▸ The problem: Each record below gets repeated exactly, and pictures stay out of the copy.

▸ Data supplied:
━━━━━━━━━━━━━━━━━━━━

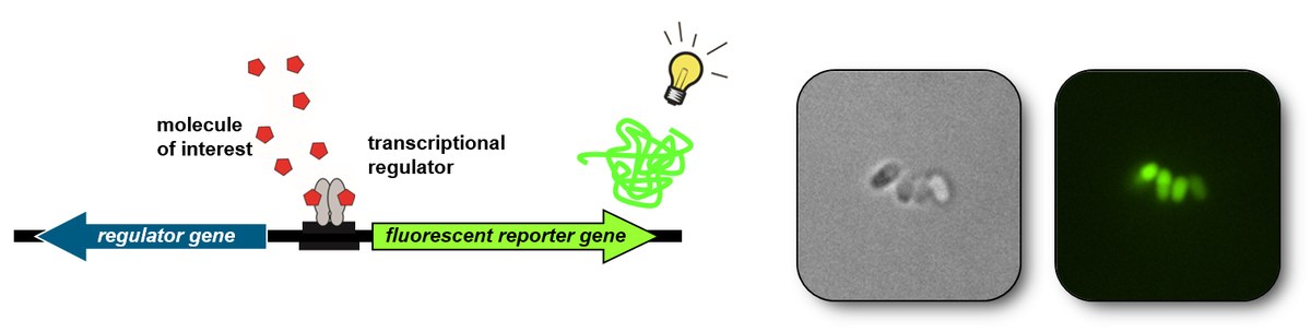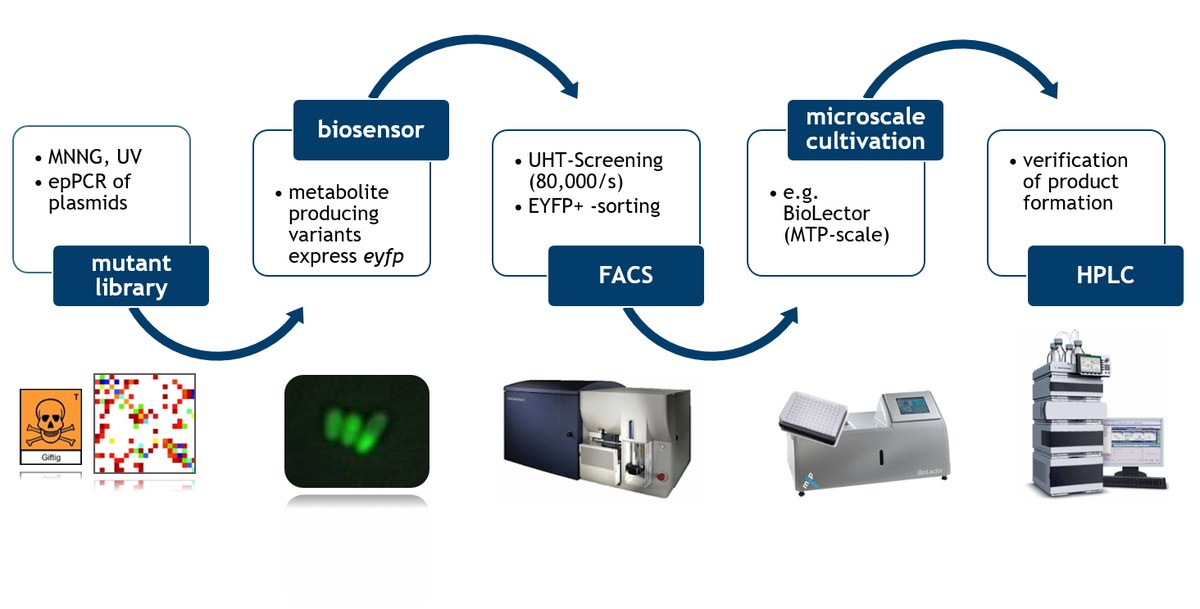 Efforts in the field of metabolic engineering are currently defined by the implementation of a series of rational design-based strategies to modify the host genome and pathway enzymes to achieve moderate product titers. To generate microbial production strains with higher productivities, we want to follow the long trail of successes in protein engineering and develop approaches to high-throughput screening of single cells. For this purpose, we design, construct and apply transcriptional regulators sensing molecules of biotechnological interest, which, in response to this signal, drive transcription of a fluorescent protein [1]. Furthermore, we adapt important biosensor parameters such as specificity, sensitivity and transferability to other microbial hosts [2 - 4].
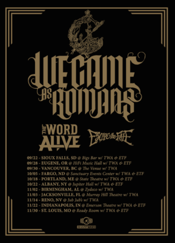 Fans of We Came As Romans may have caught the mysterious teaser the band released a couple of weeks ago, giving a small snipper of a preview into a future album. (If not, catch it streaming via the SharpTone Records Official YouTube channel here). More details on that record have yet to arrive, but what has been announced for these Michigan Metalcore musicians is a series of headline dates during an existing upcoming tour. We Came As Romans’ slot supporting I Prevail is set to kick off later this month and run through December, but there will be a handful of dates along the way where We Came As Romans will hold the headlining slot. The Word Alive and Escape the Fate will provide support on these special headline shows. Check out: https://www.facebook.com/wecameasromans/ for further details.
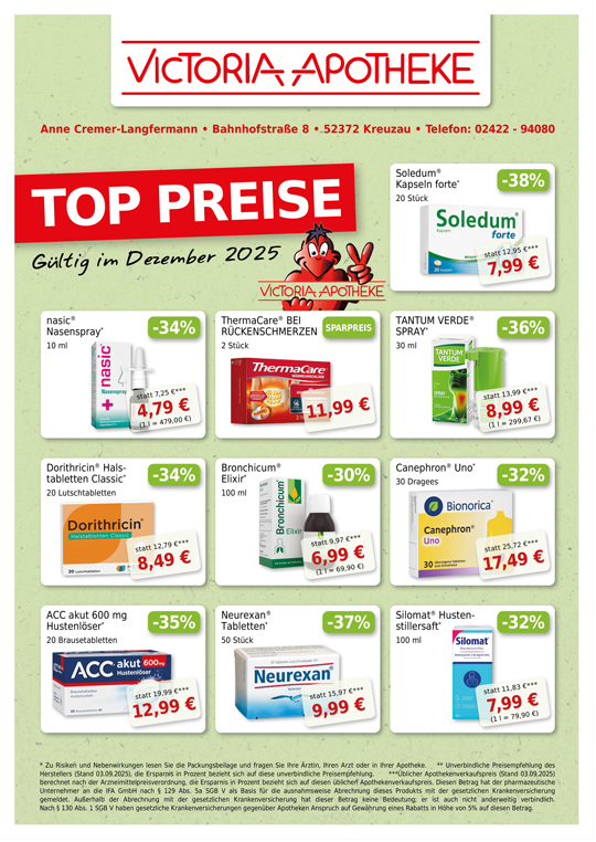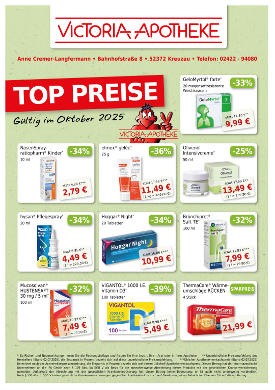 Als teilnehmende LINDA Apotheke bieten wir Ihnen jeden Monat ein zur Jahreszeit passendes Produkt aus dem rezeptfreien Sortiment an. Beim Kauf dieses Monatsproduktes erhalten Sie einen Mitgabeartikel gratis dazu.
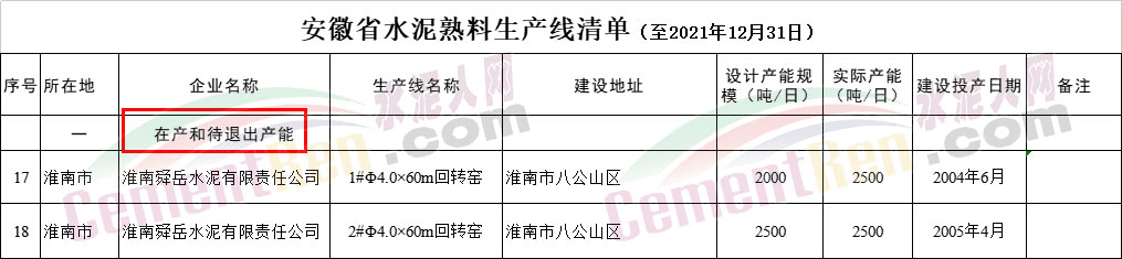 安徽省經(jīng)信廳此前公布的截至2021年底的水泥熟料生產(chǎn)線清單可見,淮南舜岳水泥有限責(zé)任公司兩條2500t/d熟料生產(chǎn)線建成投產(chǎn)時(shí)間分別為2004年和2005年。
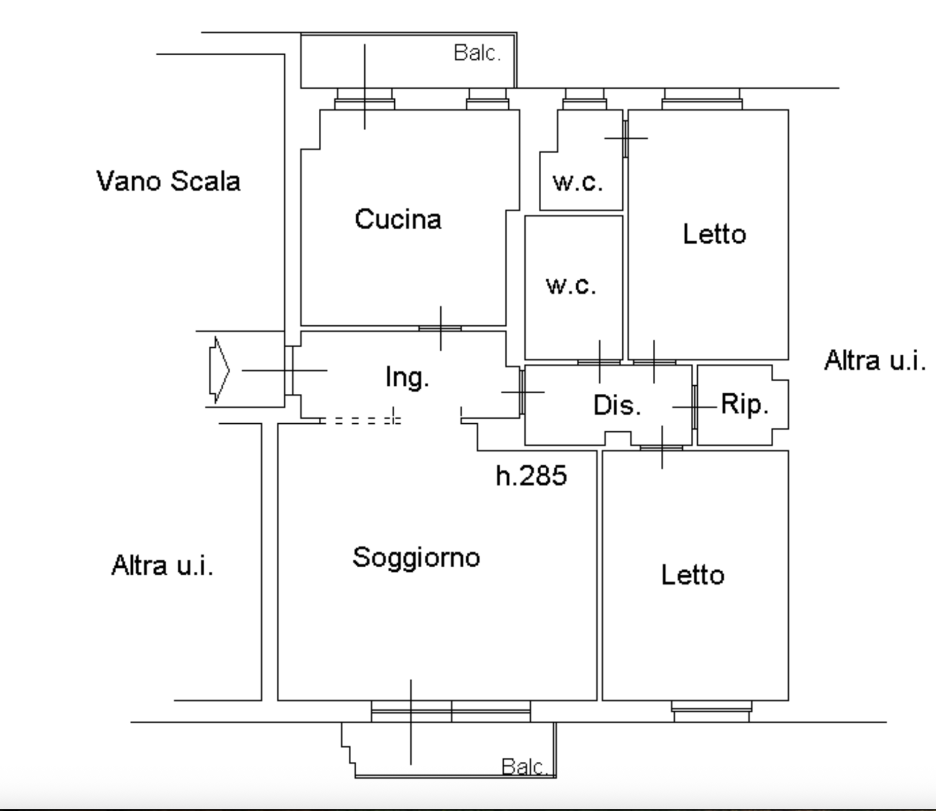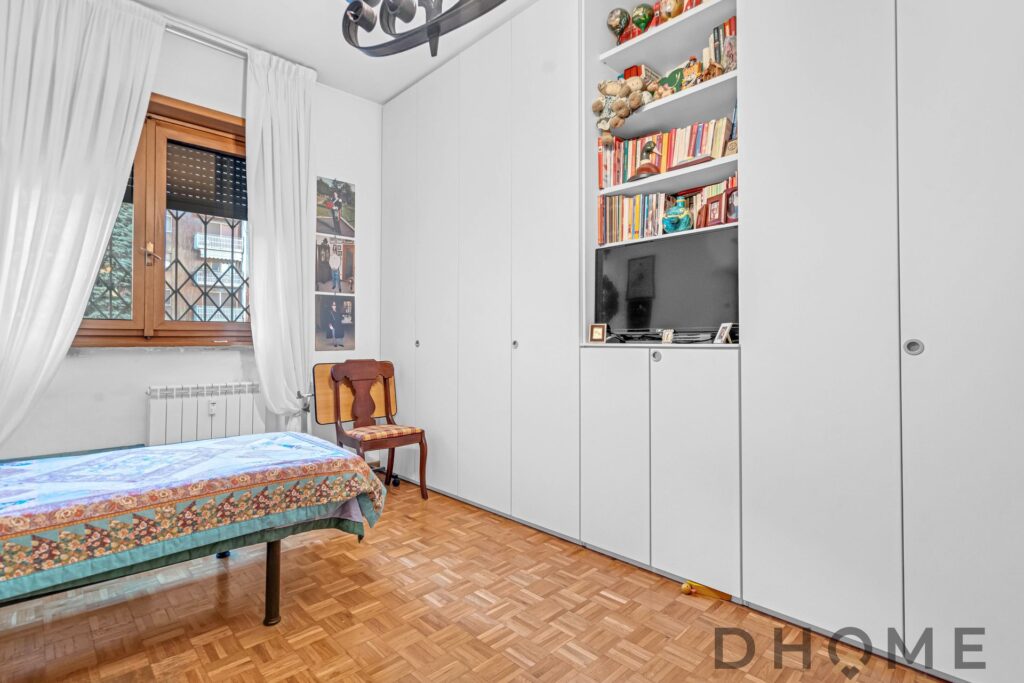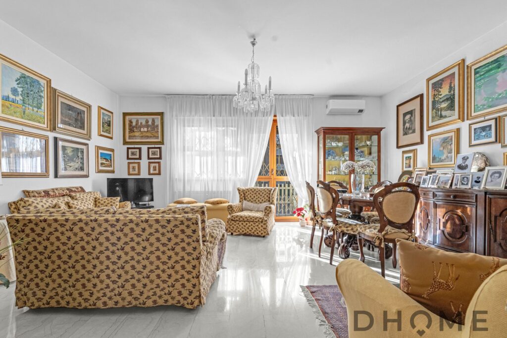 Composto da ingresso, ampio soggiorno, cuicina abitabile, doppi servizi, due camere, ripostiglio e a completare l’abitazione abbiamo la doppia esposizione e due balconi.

━━━━━━━━━━━━━━━━━━━━

▸ Response area:
 Efforts in the field of metabolic engineering are currently defined by the implementation of a series of rational design-based strategies to modify the host genome and pathway enzymes to achieve moderate product titers. To generate microbial production strains with higher productivities, we want to follow the long trail of successes in protein engineering and develop approaches to high-throughput screening of single cells. For this purpose, we design, construct and apply transcriptional regulators sensing molecules of biotechnological interest, which, in response to this signal, drive transcription of a fluorescent protein [1]. Furthermore, we adapt important biosensor parameters such as specificity, sensitivity and transferability to other microbial hosts [2 - 4].
 Fans of We Came As Romans may have caught the mysterious teaser the band released a couple of weeks ago, giving a small snipper of a preview into a future album. (If not, catch it streaming via the SharpTone Records Official YouTube channel here). More details on that record have yet to arrive, but what has been announced for these Michigan Metalcore musicians is a series of headline dates during an existing upcoming tour. We Came As Romans’ slot supporting I Prevail is set to kick off later this month and run through December, but there will be a handful of dates along the way where We Came As Romans will hold the headlining slot. The Word Alive and Escape the Fate will provide support on these special headline shows. Check out: https://www.facebook.com/wecameasromans/ for further details.
 Als teilnehmende LINDA Apotheke bieten wir Ihnen jeden Monat ein zur Jahreszeit passendes Produkt aus dem rezeptfreien Sortiment an. Beim Kauf dieses Monatsproduktes erhalten Sie einen Mitgabeartikel gratis dazu.
 安徽省經(jīng)信廳此前公布的截至2021年底的水泥熟料生產(chǎn)線清單可見,淮南舜岳水泥有限責(zé)任公司兩條2500t/d熟料生產(chǎn)線建成投產(chǎn)時(shí)間分別為2004年和2005年。
 Composto da ingresso, ampio soggiorno, cuicina abitabile, doppi servizi, due camere, ripostiglio e a completare l’abitazione abbiamo la doppia esposizione e due balconi.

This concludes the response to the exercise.